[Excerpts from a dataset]

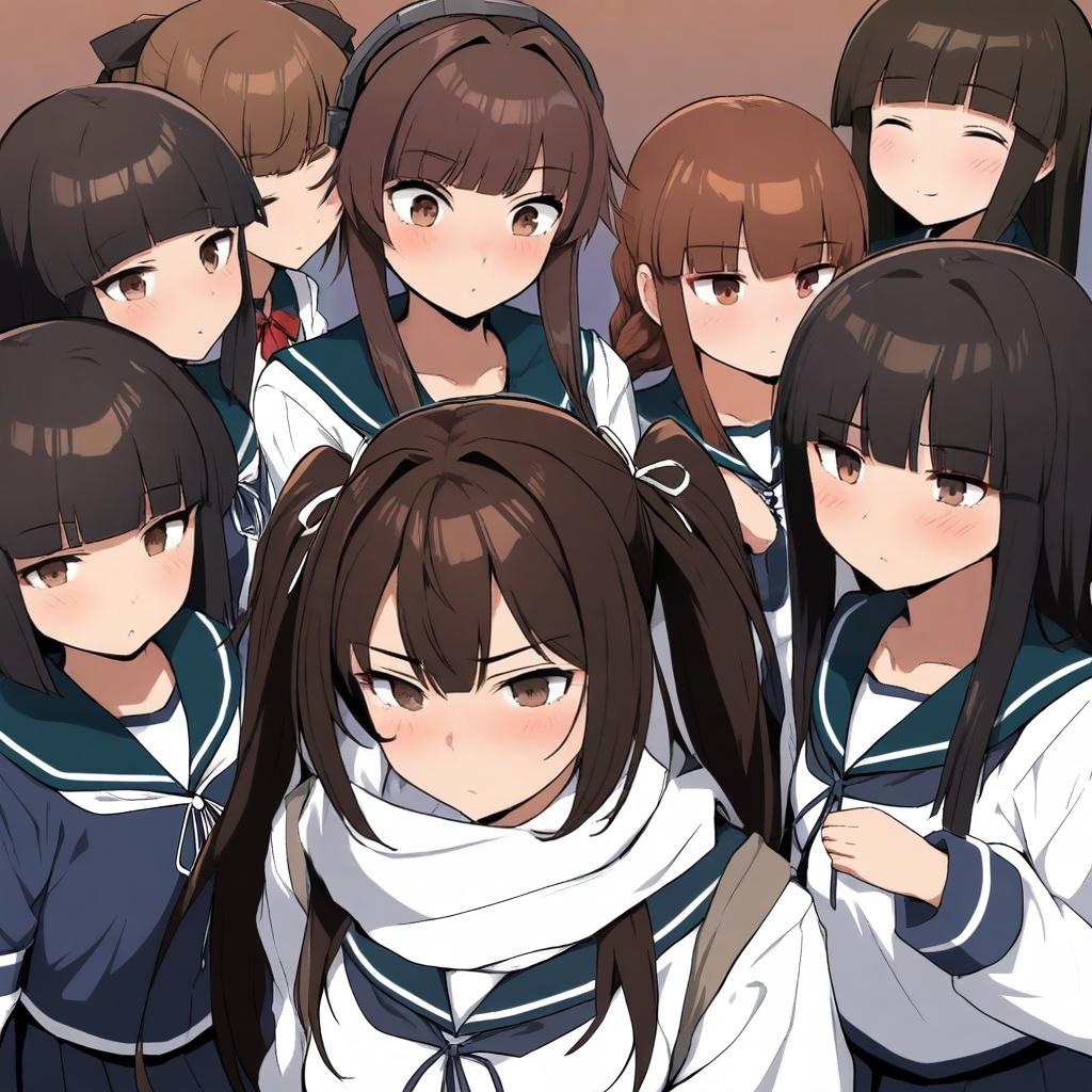 Swf, SFW, hatsuyuki_kancolle, multiple girls, braid, serafuku, 6girls, school uniform, brown hair, long hair, ribbon, hair ribbon, brown eyes, ponytail, blush, tress ribbon, blunt bangs, short hair, scarf, closed eyes, black hair, headgear, sailor collar, twintails
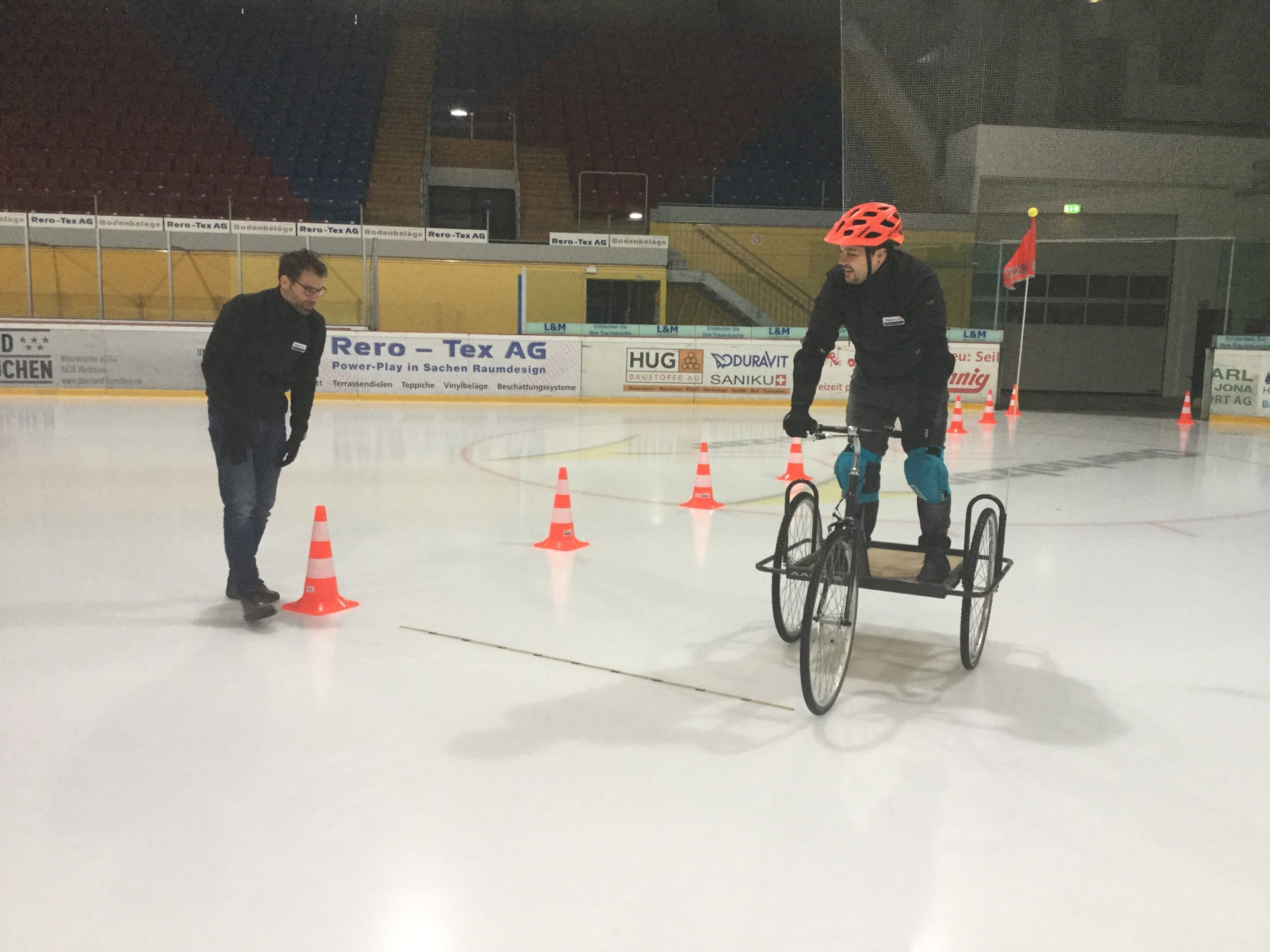 Sommerreifen, Winterreifen ohne Profil, Winterreifen mit Profil und Spikesreifen hat Veloplus Produktmanager, Yves Albrecht auf dem Eis getestet. Konkret wurden die unterschiedlichen Reifen nacheinander an ein Dreirad montiert und es wurde eine Vollbremsung auf der glatten Eisfläche gemacht. Das Tempo vor der Vollbremsung war dabei konstant bei 10 Km/h (gemessen mit Velocomputer). Die Distanz ab Bremsbetätigung bis Stillstand wurde im Anschluss gemessen und auf einen halbe Meter genau gerundet. Ebenfalls bewertet wurde das Kurvenverhalten der einzelnen Reifen. Mit dem Dreirad wurde ein Pylonen-Parcours auf der Eisfläche abgefahren und es wurde nach Gefühl bewertet, wie sich die der Reifen verhält.
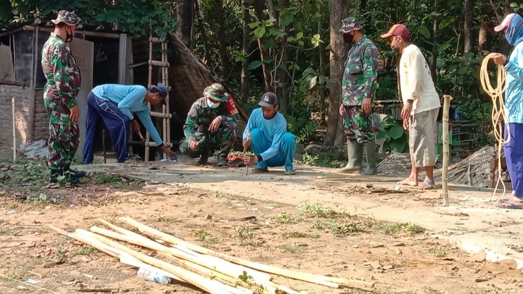 Anggota Satgas dan warga masyarakat ikut bergotong royong membantu pelaksanaan RTLH, dibagi tugas agar apa yang dikerjakan cepat selesai, Sertu Sujadi (48) salah satu anggota Satgas TMMD membantu pengukuraan sebelum digali, “Harus teliti ya pak, waktu pengukuran dan pasang patok,” ucapnya.
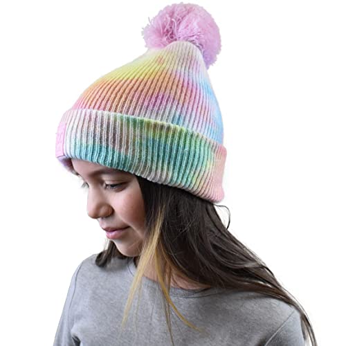 C.C Kids' Children's Winter Thick Knit Tie Dye Pom Cuff Beanie 6
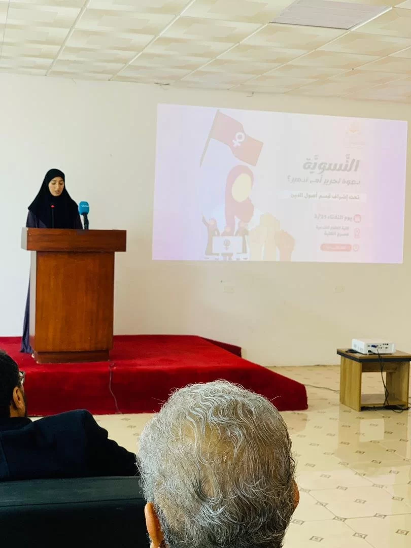نظم قسم أصول الدين بكلية العلوم الشرعية تاجوراء يوم الثلاثاء 21 مارس 2023م ندوة بعنوان "النسوية دعوة تحرير أم تدمير؟!" بحضور لفيف من طالبات الكلية من مختلف الأقسام، وعدد من أساتذتها، وبعض الضيوف.
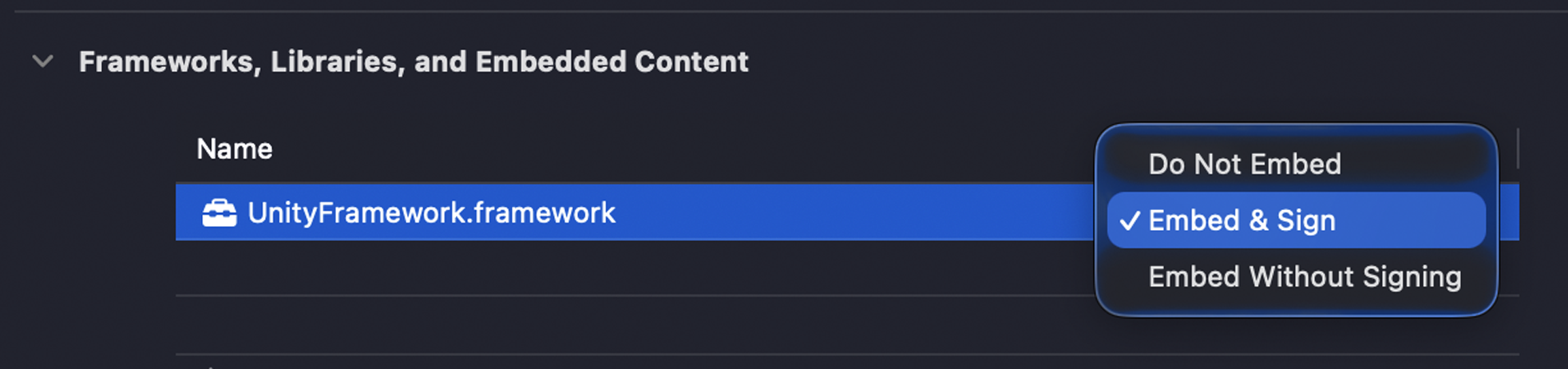 'Frameworks, Libraries, and Embedded Content' 섹션에서 UnityFramework.framework의 Embed 옵션을 설정을 Embed & Sign으로 지정합니다.
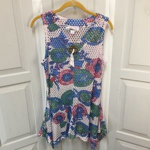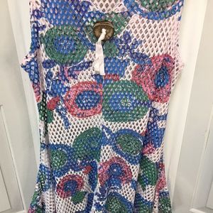 Mirror Image stretchy netted (perforated) coverup with circle pattern and decorative button at mid-neckline. Hemline is longer on sides.

Prompt: All records above must be output exactly as they stand, excluding pictures.

Problem solution:
 Swf, SFW, hatsuyuki_kancolle, multiple girls, braid, serafuku, 6girls, school uniform, brown hair, long hair, ribbon, hair ribbon, brown eyes, ponytail, blush, tress ribbon, blunt bangs, short hair, scarf, closed eyes, black hair, headgear, sailor collar, twintails
 Sommerreifen, Winterreifen ohne Profil, Winterreifen mit Profil und Spikesreifen hat Veloplus Produktmanager, Yves Albrecht auf dem Eis getestet. Konkret wurden die unterschiedlichen Reifen nacheinander an ein Dreirad montiert und es wurde eine Vollbremsung auf der glatten Eisfläche gemacht. Das Tempo vor der Vollbremsung war dabei konstant bei 10 Km/h (gemessen mit Velocomputer). Die Distanz ab Bremsbetätigung bis Stillstand wurde im Anschluss gemessen und auf einen halbe Meter genau gerundet. Ebenfalls bewertet wurde das Kurvenverhalten der einzelnen Reifen. Mit dem Dreirad wurde ein Pylonen-Parcours auf der Eisfläche abgefahren und es wurde nach Gefühl bewertet, wie sich die der Reifen verhält.
 Anggota Satgas dan warga masyarakat ikut bergotong royong membantu pelaksanaan RTLH, dibagi tugas agar apa yang dikerjakan cepat selesai, Sertu Sujadi (48) salah satu anggota Satgas TMMD membantu pengukuraan sebelum digali, “Harus teliti ya pak, waktu pengukuran dan pasang patok,” ucapnya.
 C.C Kids' Children's Winter Thick Knit Tie Dye Pom Cuff Beanie 6
نظم قسم أصول الدين بكلية العلوم الشرعية تاجوراء يوم الثلاثاء 21 مارس 2023م ندوة بعنوان "النسوية دعوة تحرير أم تدمير؟!" بحضور لفيف من طالبات الكلية من مختلف الأقسام، وعدد من أساتذتها، وبعض الضيوف.
 'Frameworks, Libraries, and Embedded Content' 섹션에서 UnityFramework.framework의 Embed 옵션을 설정을 Embed & Sign으로 지정합니다.
 Mirror Image stretchy netted (perforated) coverup with circle pattern and decorative button at mid-neckline. Hemline is longer on sides.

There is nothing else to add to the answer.